Dom Guéranger, Jésus-Christ Roi de l’Histoire, Collection sens de l’Histoire, Association saint Jérôme, 2005, p. 95-97

« Qu’est-ce que les infidèles ?

Les infidèles sont ceux qui ne sont pas baptisés et qui ne croient pas en Jésus-Christ; soit qu’ils croient à de fausses divinités et les adorent, comme les idolâtres; soit que tout en admettant le seul vrai Dieu ils ne croient pas au Christ Messie, venu en la personne de Jésus-Christ ou encore à venir : tels sont les mahométans et autres semblables.« 

Extrait du catéchisme de Saint Pie X.

« Mahomet a séduit les peuples par des promesses de voluptés charnelles au désir desquelles pousse la concupiscence de la chair.

Lâchant bride à la volupté, il a donné des commandements conformes à ses promesses, auxquels les hommes charnels peuvent obéir facilement.

En fait de vérités, il n’en a avancé que de faciles à saisir par n’importe quel esprit médiocrement ouvert.

Par contre, il a entremêlé les vérités de son enseignement de beaucoup de fables et de doctrines les plus fausses. Il n’a pas apporté de preuves surnaturelles, les seules à témoigner comme il convient en faveur de l’inspiration divine, à savoir quand une œuvre visible qui ne peut être que l’œuvre de Dieu prouve que le docteur de vérité est invisiblement inspiré. Il a prétendu au contraire qu’il était envoyé dans la puissance des armes, preuves qui ne font point défaut aux brigands et aux tyrans.

D’ailleurs, ceux qui dès le début crurent en lui ne furent point des sages instruits des sciences divines et humaines, mais des hommes sauvages, habitants des déserts, complètement ignorants de toute science de Dieu, dont le grand nombre l’aida, par la violence des armes, à imposer sa loi aux autres peuples. Aucune prophétie divine ne témoigne en sa faveur: bien au contraire, il déforme les enseignements de l’Ancien et du Nouveau Testament par des récits légendaires, comme c’est évident pour qui étudie sa loi.

Aussi bien, par une mesure pleine d’astuces, il interdit à ses disciples de lire les textes de l’Ancien et du Nouveau Testament qui pourraient le convaincre de fausseté. C’est donc chose évidente que ceux qui ajoutent foi à sa parole croient à la légère.« 

Saint Thomas d’Aquin, extrait de la Somme contre les Gentils, chapitre 6.

« Du reste, pour connaitre l’impiété de cette loi, il suffit de savoir qu’elle permet à ses adeptes la vengeance, le vol, et les plaisirs charnels; bien plus, elle ne fait consister le paradis de la vie éternelle que dans les honteuses voluptés de la chair.
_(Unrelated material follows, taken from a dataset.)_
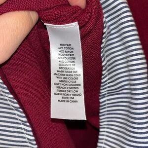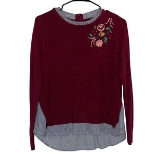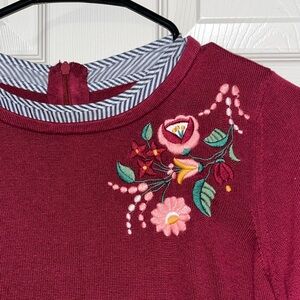 Burgundy Floral Embroidered Sweater with Striped Hem
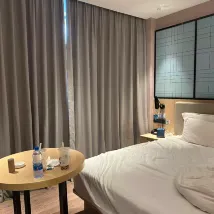 I highly recommend this hotel! The facilities are absolutely top-notch. Each room is equipped with smart lighting, high-speed WiFi, a fully functional bathroom, a mini-bar, and a comfortable sofa. Despite its central location, the hotel offers a peaceful environment. The lobby features a chic and elegant design, and the corridors have sound-absorbing carpets, ensuring excellent soundproofing. You can enjoy city night views from the window, and the indoor greenery adds a refreshing touch. My overall stay was fantastic, offering incredible value for money!

C’est donc une loi qui convient plutôt à des bêtes qu’à des hommes doués de raison.« 

« Les mahométans avouent qu’avant la venue de Mahomet, la loi Chrétienne existait déjà; et que cette loi enseignait la vraie doctrine…
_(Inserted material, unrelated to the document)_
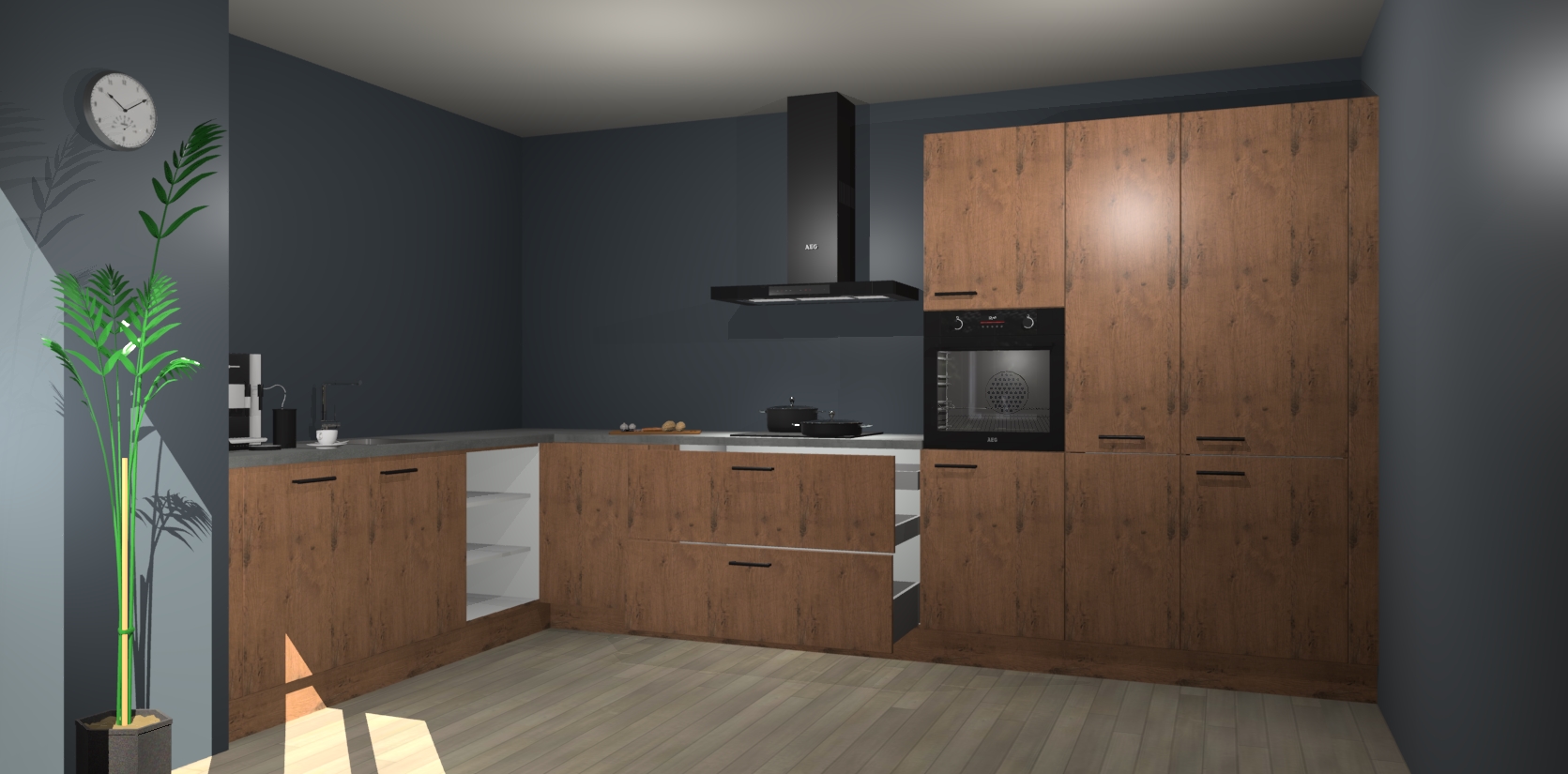 Welkom bij de astoria eiken keuken Nuuk. Deze prachtige keuken zal de komende jaren het middelpunt van de belangstelling in uw huis zijn. Uitgerust met vijf inbouwapparaten komt u nooit kookgereedschap tekort.

Or; s’ils s’accordent qu’il fut un temps où la doctrine de Jésus-Christ était vraie, ils doivent aussi convenir que celle de Mahomet est fausse: car Jésus-Christ affirme que celui qui n’est point baptisé ne peut être sauvé (St Jean 3,5)…

Par conséquent, si la doctrine de Jésus-Christ a été vraie, je ne dis pas pendant une série de siècles, mais pendant un seul instant, il s’ensuit que la doctrine de Mahomet n’a jamais pu l’être, non plus que toute autre société de croyants opposée à celle de Jésus-Christ…« 

Saint Alphonse-Marie de Liguori.

« Pour apprécier le Mahométisme, il faut le considérer dans son dogme, dans sa morale, dans ses lois, dans ses effets, dans son établissement.
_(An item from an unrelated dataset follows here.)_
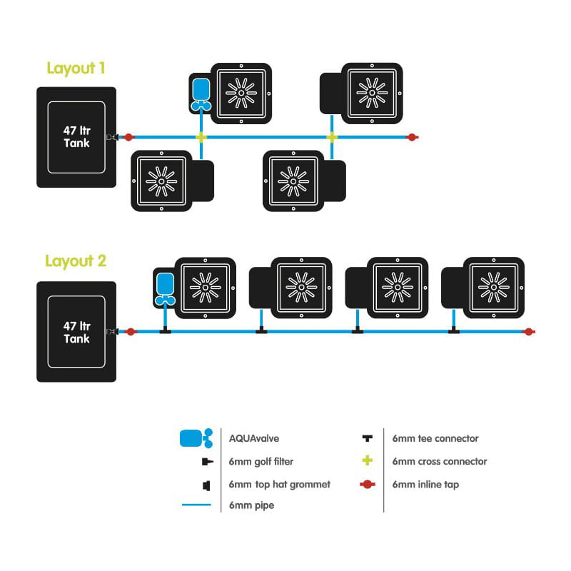 Der Hersteller empfiehlt bei Anlagen mit 1-7 Töpfen Zulaufschläuche Medium mit einem Durchmesser von 6 mm zu verwenden. Bei mehr als 8 Töpfen empfiehlt sich die Verwendung eines 16 mm dicken Schlauchs. Je mehr Töpfe in einem Set vorhanden sind, desto größer sollte der Haupttank sein.

1. Dans son dogme. Voici les principaux articles de son symbole : Il n’y a qu’un seul Dieu, mais sans distinction de personnes; Mahomet est son prophète. Les hommes sont nécessairement prédestinés au Ciel ou à l’Enfer : dogme qui anéantit la liberté et fait Dieu auteur du péché.[…] »

Catéchisme de persévérance par Mgr Gaume, Tome VI, p 21

« Le mahométisme est le triomphe ou plutôt l’usurpation de l’erreur sur la vérité, de l’iniquité sur la justice, de la barbarie sur l’humanité et la civilisation véritable.

Chacun doit, selon ses moyens, travailler à redresser ce renversement des choses; l’individu chrétien comme individu, le roi chrétien comme roi, la nation chrétienne comme nation, l’Europe chrétienne comme Europe, l’humanité chrétienne ou l’Église catholique comme l’humanité régénérée par le Christ. »

abbé Rohrbacher, Histoire universelle de l’Église catholique, 1866, T. V, page 573.